---------- Given data ----------

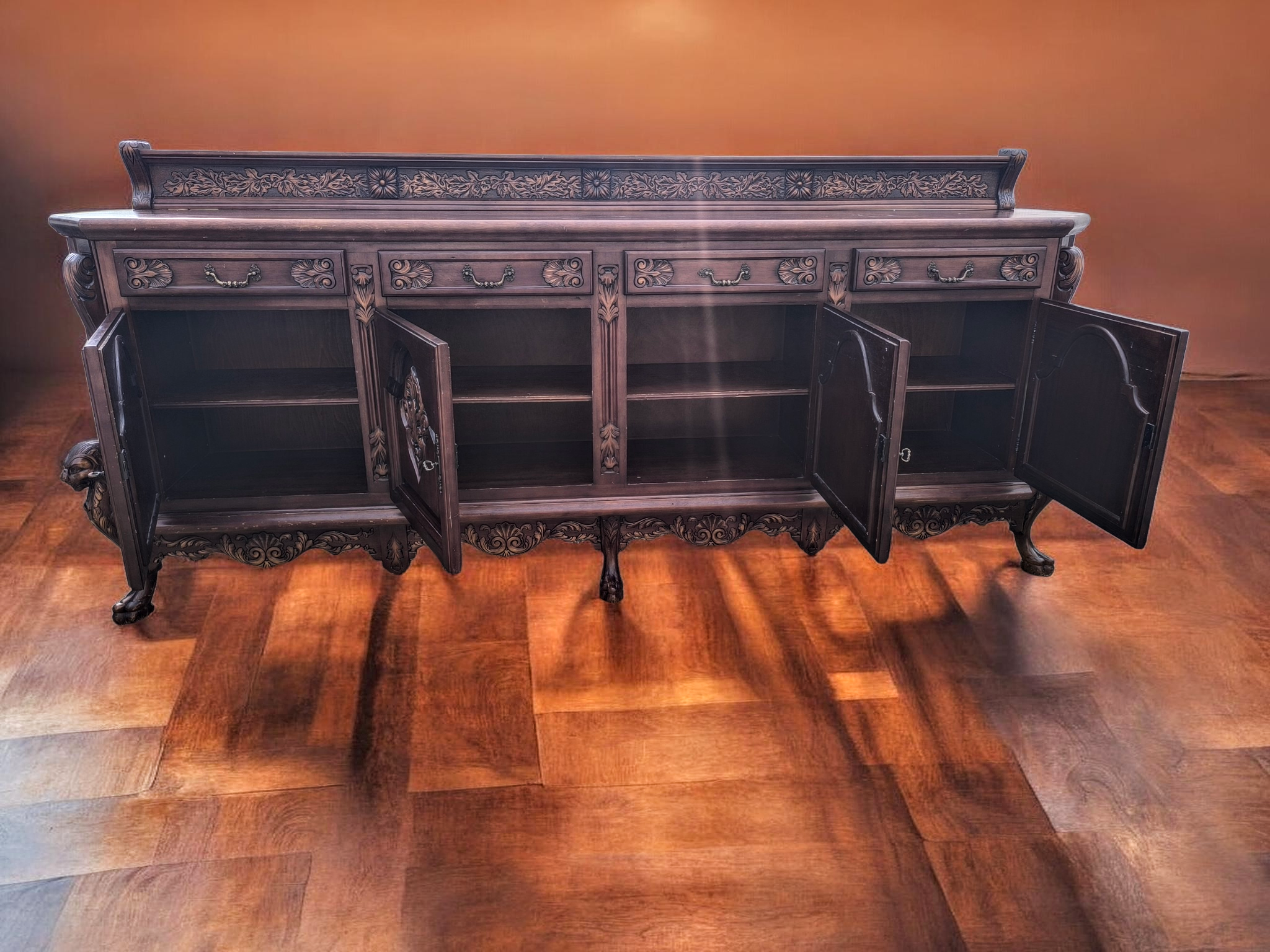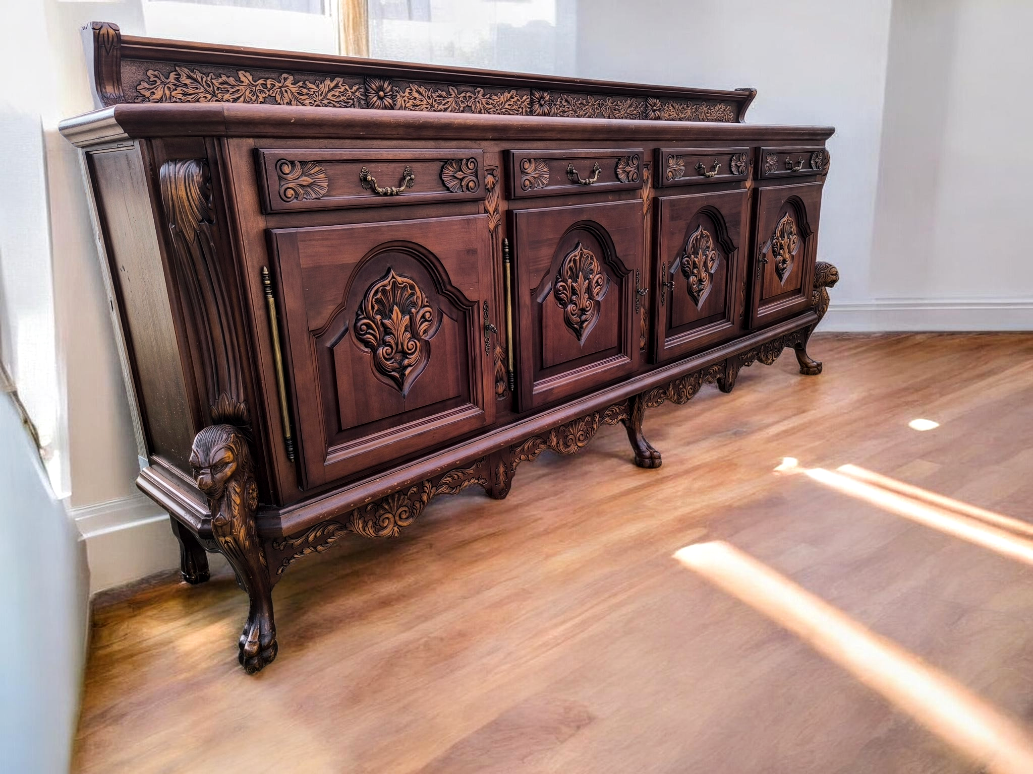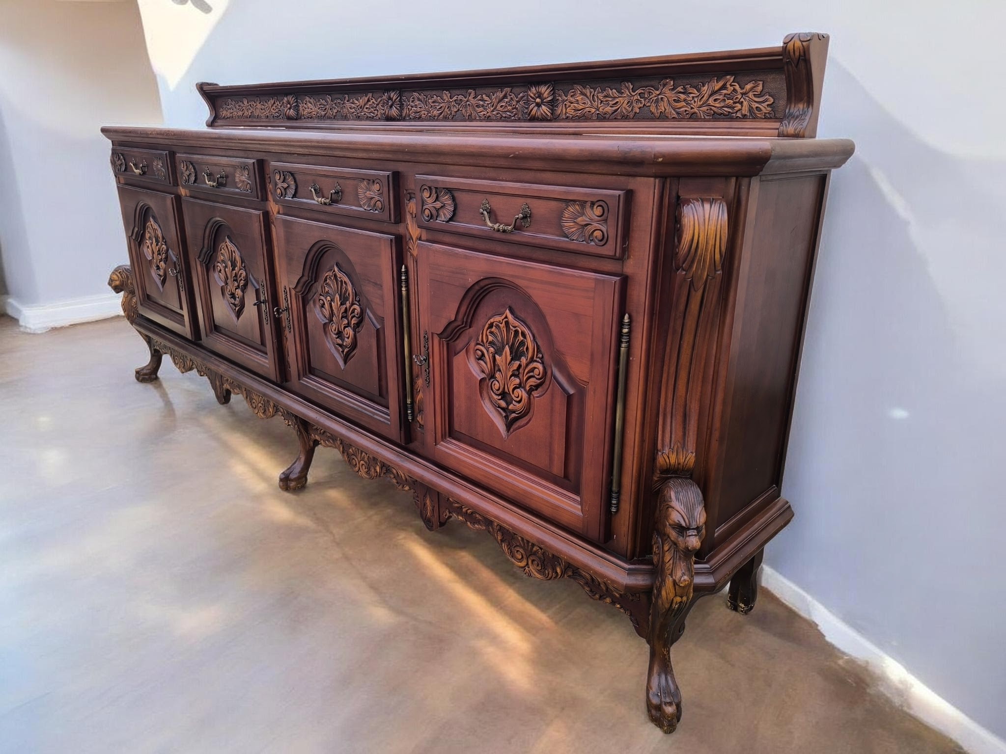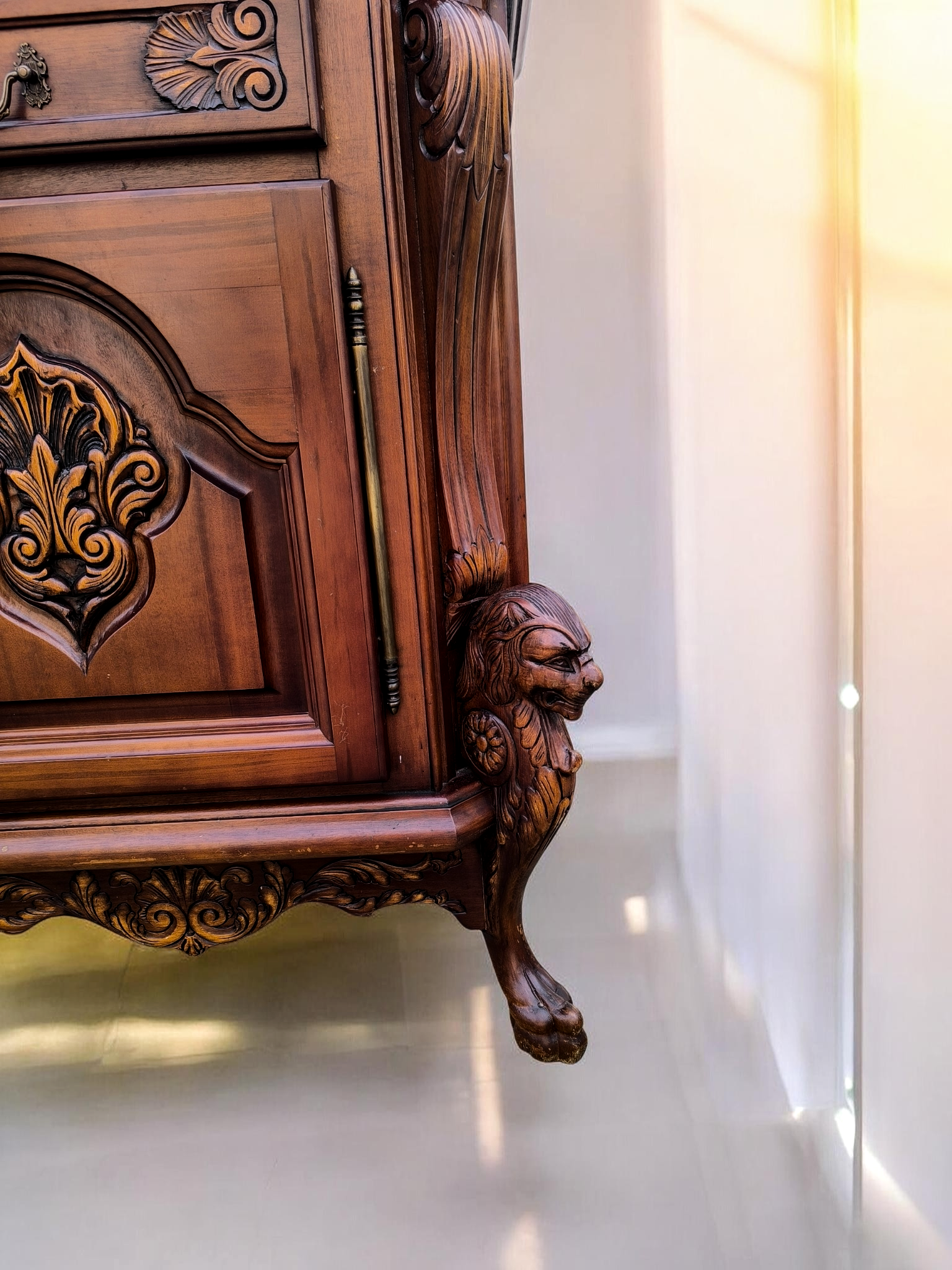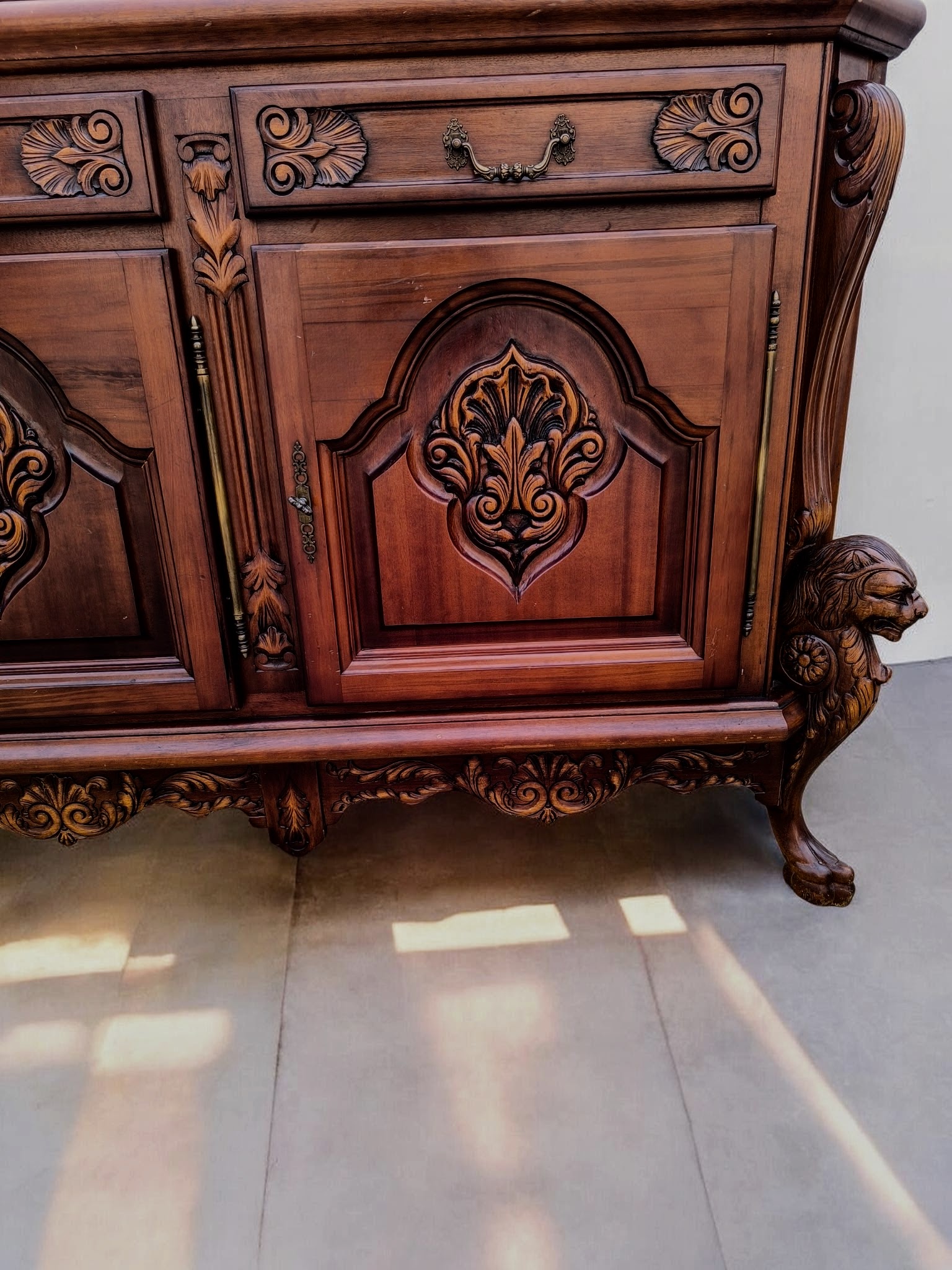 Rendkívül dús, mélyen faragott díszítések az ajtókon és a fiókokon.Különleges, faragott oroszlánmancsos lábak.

----------
---------- Given data ----------

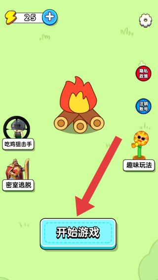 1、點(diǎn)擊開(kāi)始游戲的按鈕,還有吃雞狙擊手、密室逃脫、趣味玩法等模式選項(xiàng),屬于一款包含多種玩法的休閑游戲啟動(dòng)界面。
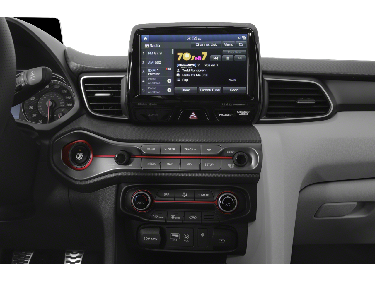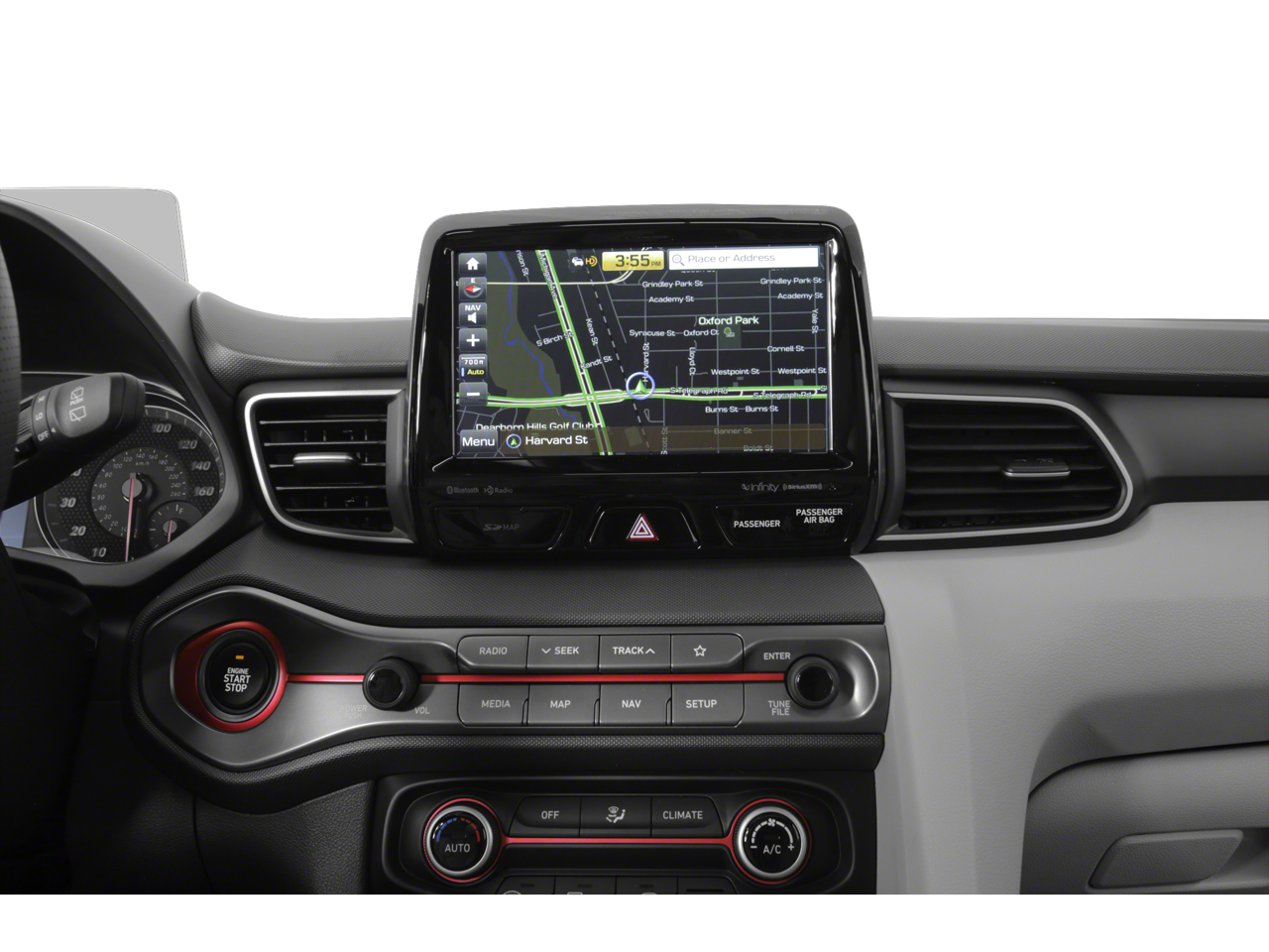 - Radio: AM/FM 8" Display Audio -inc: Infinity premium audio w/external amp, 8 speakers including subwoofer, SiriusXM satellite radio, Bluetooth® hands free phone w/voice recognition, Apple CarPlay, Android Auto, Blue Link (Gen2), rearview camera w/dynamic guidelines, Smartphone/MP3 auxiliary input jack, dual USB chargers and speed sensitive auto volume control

----------

**Exercise details**
Copy word for word the lines above, starting at the line containing "1、點(diǎn)擊開(kā" and ending at the line containing "- Radio: AM/FM", inclusive, with no pictures.

**Solution to the problem**
 1、點(diǎn)擊開(kāi)始游戲的按鈕,還有吃雞狙擊手、密室逃脫、趣味玩法等模式選項(xiàng),屬于一款包含多種玩法的休閑游戲啟動(dòng)界面。
 - Radio: AM/FM 8" Display Audio -inc: Infinity premium audio w/external amp, 8 speakers including subwoofer, SiriusXM satellite radio, Bluetooth® hands free phone w/voice recognition, Apple CarPlay, Android Auto, Blue Link (Gen2), rearview camera w/dynamic guidelines, Smartphone/MP3 auxiliary input jack, dual USB chargers and speed sensitive auto volume control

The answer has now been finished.